I am gonna look into a hybrid approach in the next hours i.e. use erased_serde to cater for Polymorphic and then have all other trait implementations delegate to it. This would not be as efficient as I would like I suppose. Rust language and libraries do not seem to be optimized for handling extra large Java like class hierarchies. It may just work, cut compile time by a minute and shed off few tens of MBs of unnecessary binary code that typetag produces.

that explanation is about how to make an erasable "shadow" trait for the serde::Serialize trait, which is the easy part; the real hard part is how to make the Serializer trait erasable. the wrapper type erased_serde::ser::erase::Serializer<S> is essentially a state machine, very similar to how you would imagine async functions are desugared.

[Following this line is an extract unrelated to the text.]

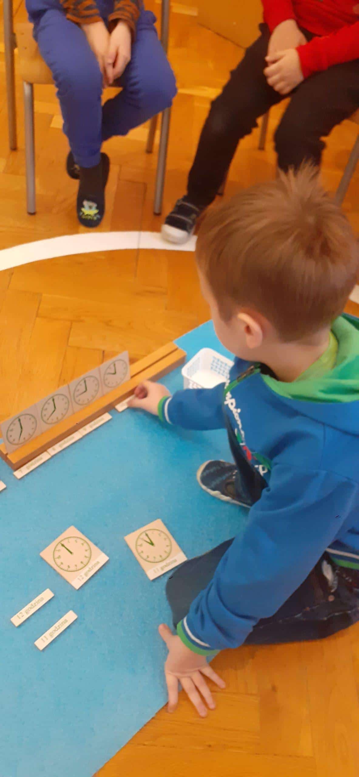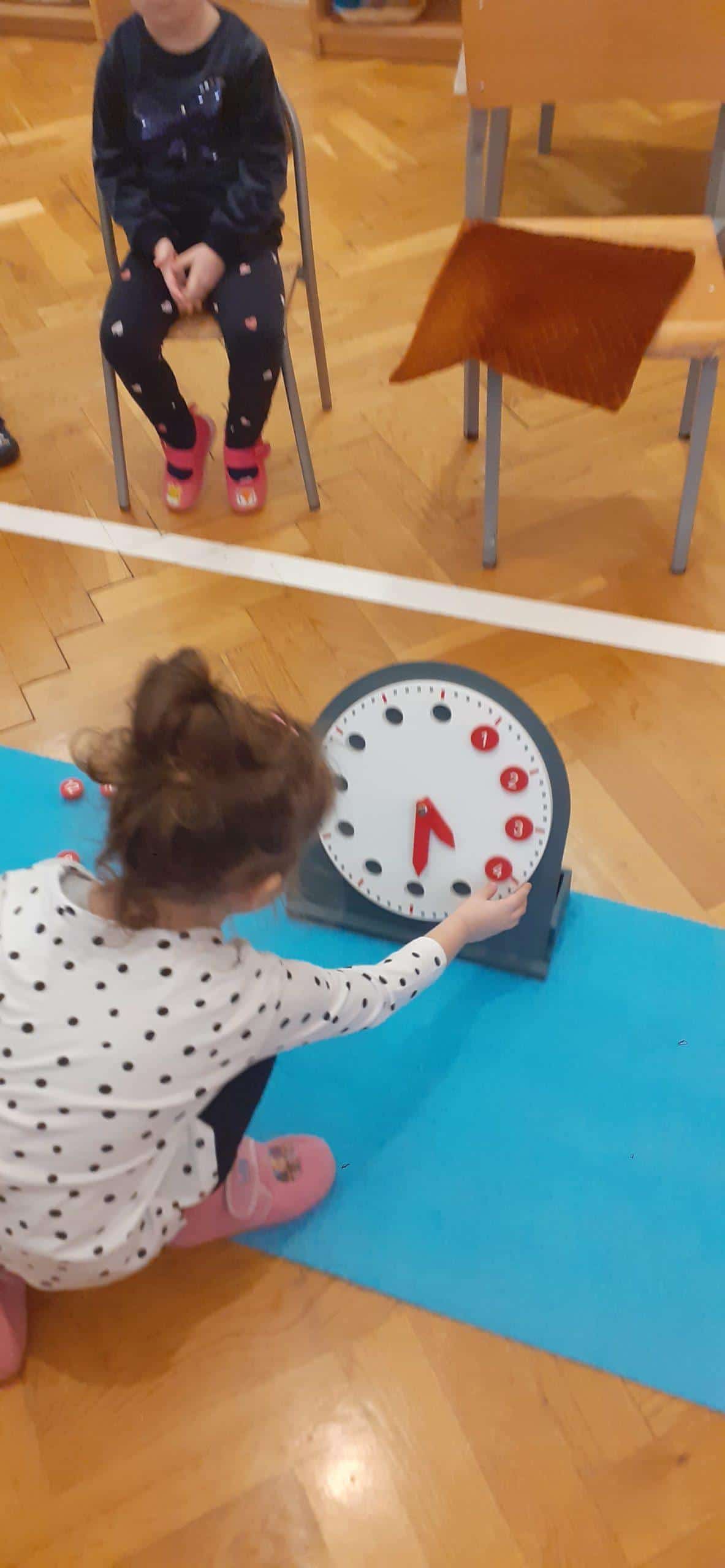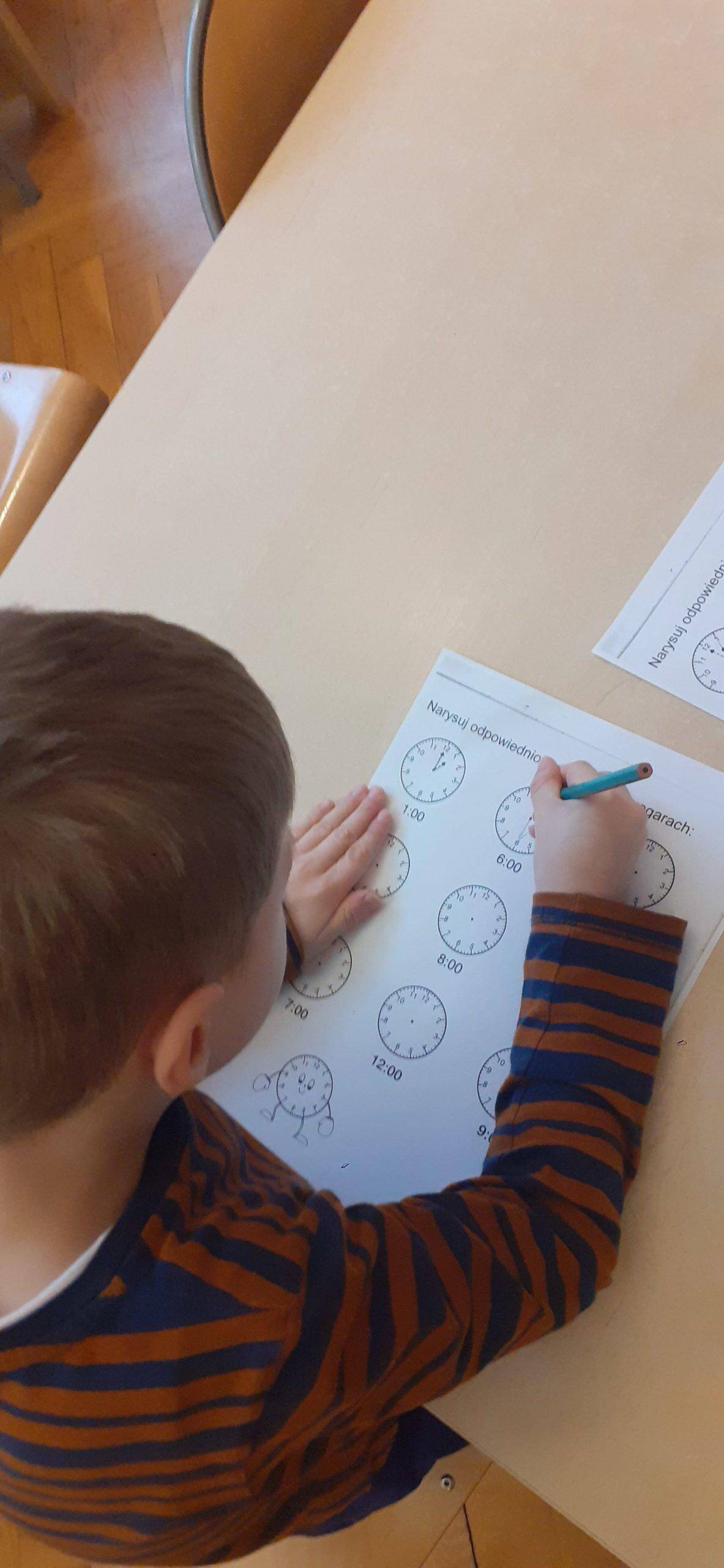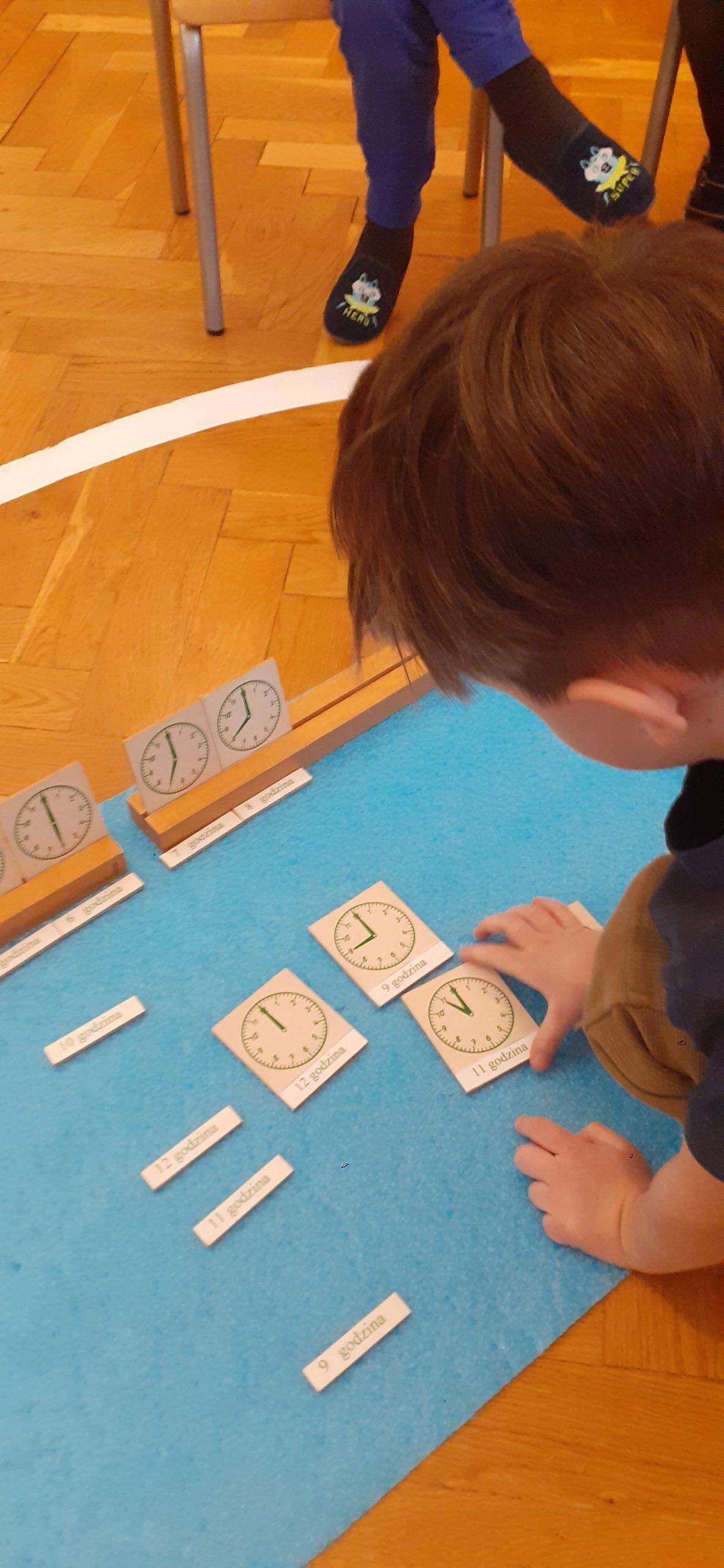 Nastanie Nowego Roku było impulsem do przeprowadzenia zajęć związanych z cykliczną organizacją czasu i  jego odmierzaniem . Koralikowy kalendarz  pór roku przybliżył dzieciom temat związany z następstwem pór roku i miesięcy. Szczególnym zainteresowaniem cieszył się temat związany z historią zegara. Zegary słoneczne i  klepsydry są dzieciom doskonale znane, a  zegary wodne, ogniowe, kurantowe i te najdokładniejsze czyli atomowe już niekoniecznie. Stąd propozycja filmiku edukacyjnego pokazującego dzieciom zegary dawniej i dziś. A potem przystąpiliśmy do poznania budowy zegara, by potem samodzielnie  wykonać go z papieru. Nauka odczytywania i zaznaczania za pomocą ruchomych wskazówek zegara Montessori pełnych godzin nie była już  taka trudna. W tym zakresie dzieci bardzo chętnie w toku  różnych cwiczeń gromadziły doświadczenia . A na koniec wirtualny spacer po Muzeum Starych Zegarów  bardzo spodobał się dzieciom. Zegary wahadłowe, popularne „kukułki”, zegary  ścienne z ciężarkami w kształcie szyszek zawieszonymi na łańcuchach,  a także zegary bogato zdobione rzeźbionymi ormanentami bardzo zaciekawiły dzieci. Przed nami jeszcze zajęcie pokazujące dzieciom znane zegary w przestrzeni publicznej np. BIG BEN na wieży Pałacu Westminsterskiego w Anglii.

I don't have know good description of the exact technique used by erased_serde, but here's a blog post about how to craft a dyn compatible wrapper type for traits with async methods:

https://smallcultfollowing.com/babysteps/blog/2021/10/07/dyn-async-traits-part-4/

although the example AsyncIter trait in the post is very different from serde, it can still give you some good ideas, and you can read the full series if you desire. fun fact, it just happened that part 6 of the series (briefly) mention erased_serde. note, the blog series were written before async_fn_in_trait was stablized.

1 Like

I see, so you are using trait objects as fields of other structs. then a custom dyn compatible SerializeToJson is not enough, but I believe you can still use erased_serde for the dynamica dispatch, because erased_serde can interop with serde in both directions:

  • when your type implements or derives serde::Serialize, it automatically implements erased_serde::Serialize. actually, it is sealed, only this blanket implementation will work.

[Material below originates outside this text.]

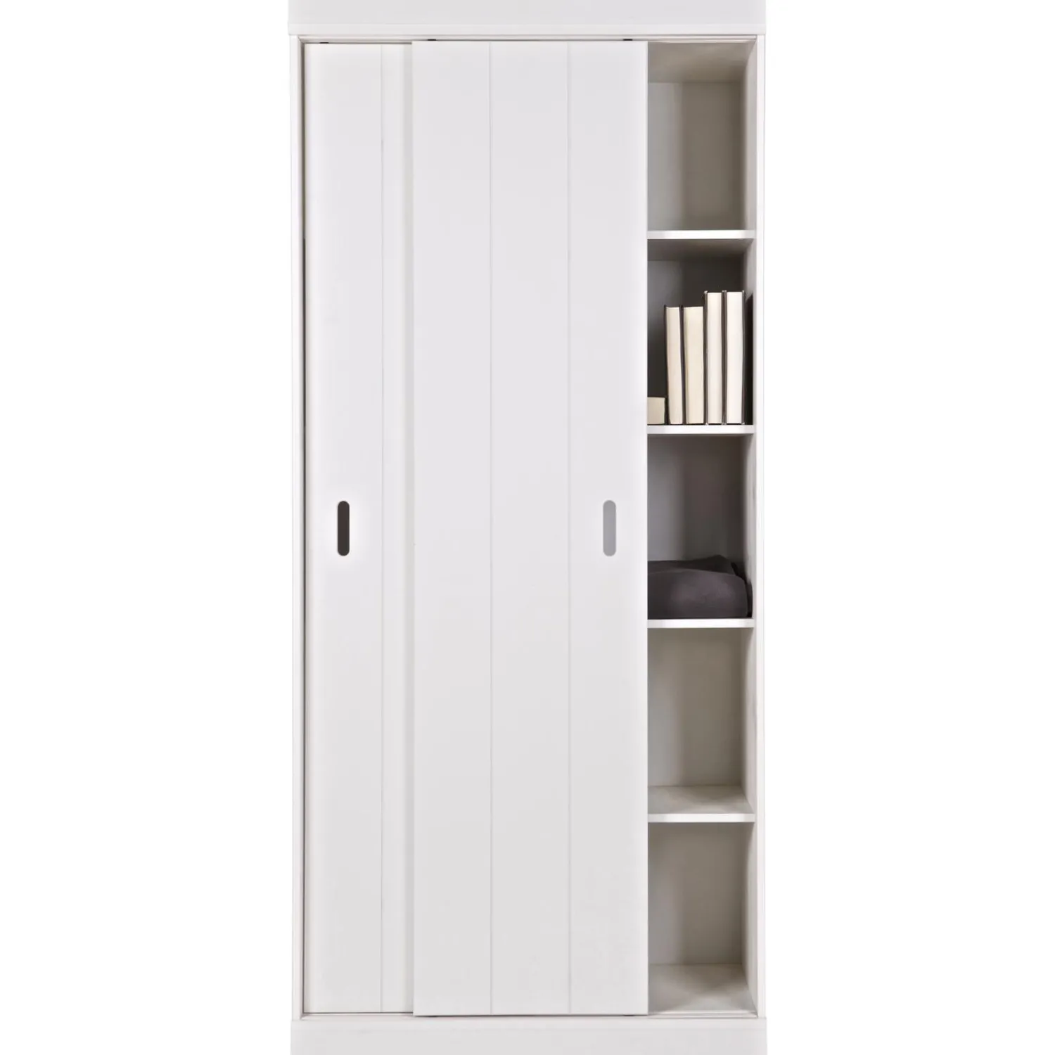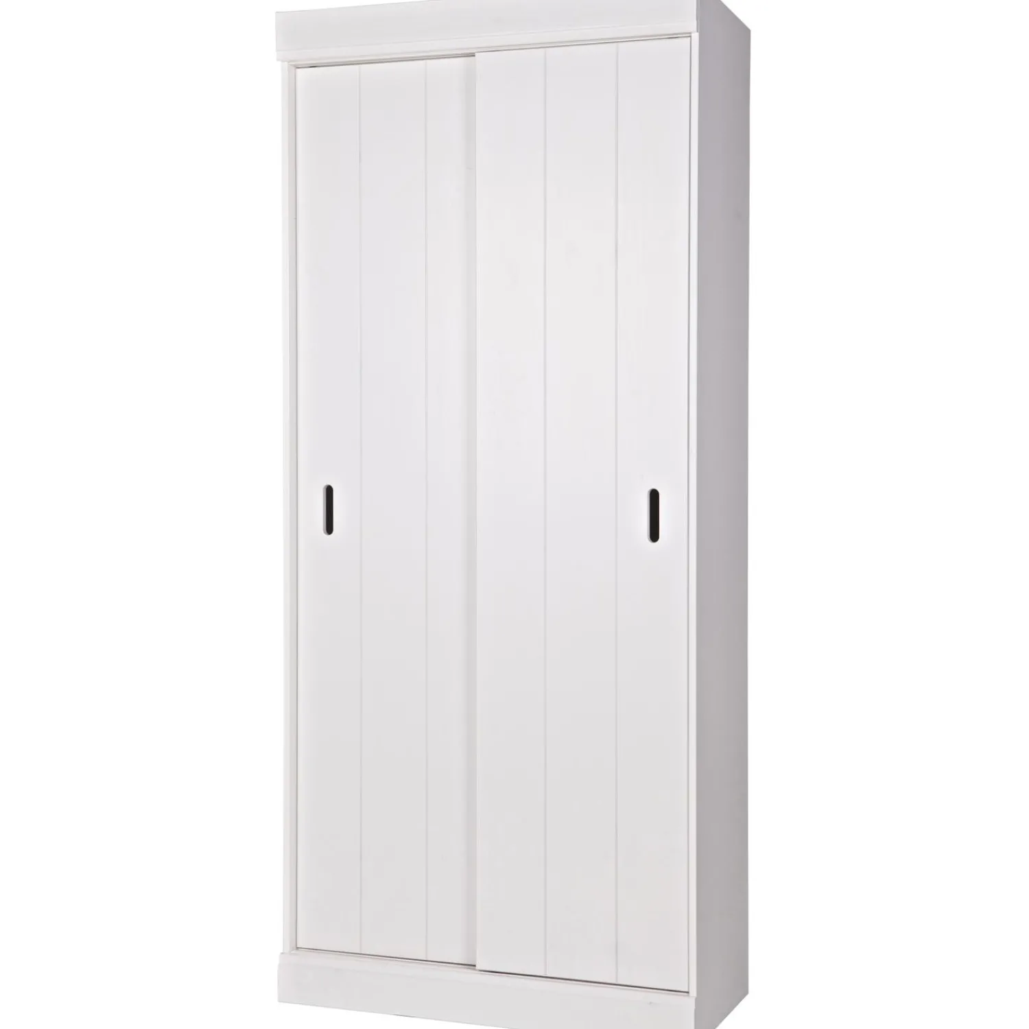 De Row is een trendy basic opbergkast vol met legplanken (zonder tussenschot). De kast Row heeft twee strokendeuren met sleuven gecombineerd met een strakke sokkel en koof. Het voordeel van deze kast is dat de kast prima in een kleine ruimte geplaatst kan worden dankzij de schuifdeuren. Deze kast is uitgevoerd in massief grenenhout, afkomstig van een FSC-gecertificeerde leverancier, en afgewerkt in de frisse kleur wit. Met deze kast is ook goed een mooie kastenwand te creëren want de kast is goed naast elkaar te plaatsen. De kast wordt geleverd als bouwpakket met een duidelijke montage-instructie.

  • the trait object dyn erased_serde::Serialize also implements serde::Serialize so structs can derive serde::Serialize when using it as a field.

    • can also be implemented for traits which have erased_serde::Serialize as a supertrait, see serialize_trait_object,

so the Polymorphic trait in your example can just use erased_serde::Serialize as a supertrait, and everything should just work.

    pub trait Polymorphic: std::fmt::Debug + erased_serde::Serialize {
        fn obj_type_id(&self) -> TypeId;
        fn to_polymorphic_ref<'a>(&'a self) -> &'a dyn Polymorphic;
        fn to_polymorphic_mut<'a>(&'a mut self) -> &'a mut dyn Polymorphic;
    }
    erased_serde::serialize_trait_object(Polymorphic);
2 Likes

Thank you! It worked. I am not seeing much improvement in build times or executable size though. So (1) typetag works well even with many traits or at least my optimizaiton does not help. (2)I need to analyze more

For future readers I needed one last tweak. When serde::Serialize is implemented for a trait a bit of lifetime hints keep the compiler happy.

changes to
impl<'s> serde::Serialize for dyn AnimalTrait + 's {

without this working with &dyn AnimalTrait may throw strange lifetime errors.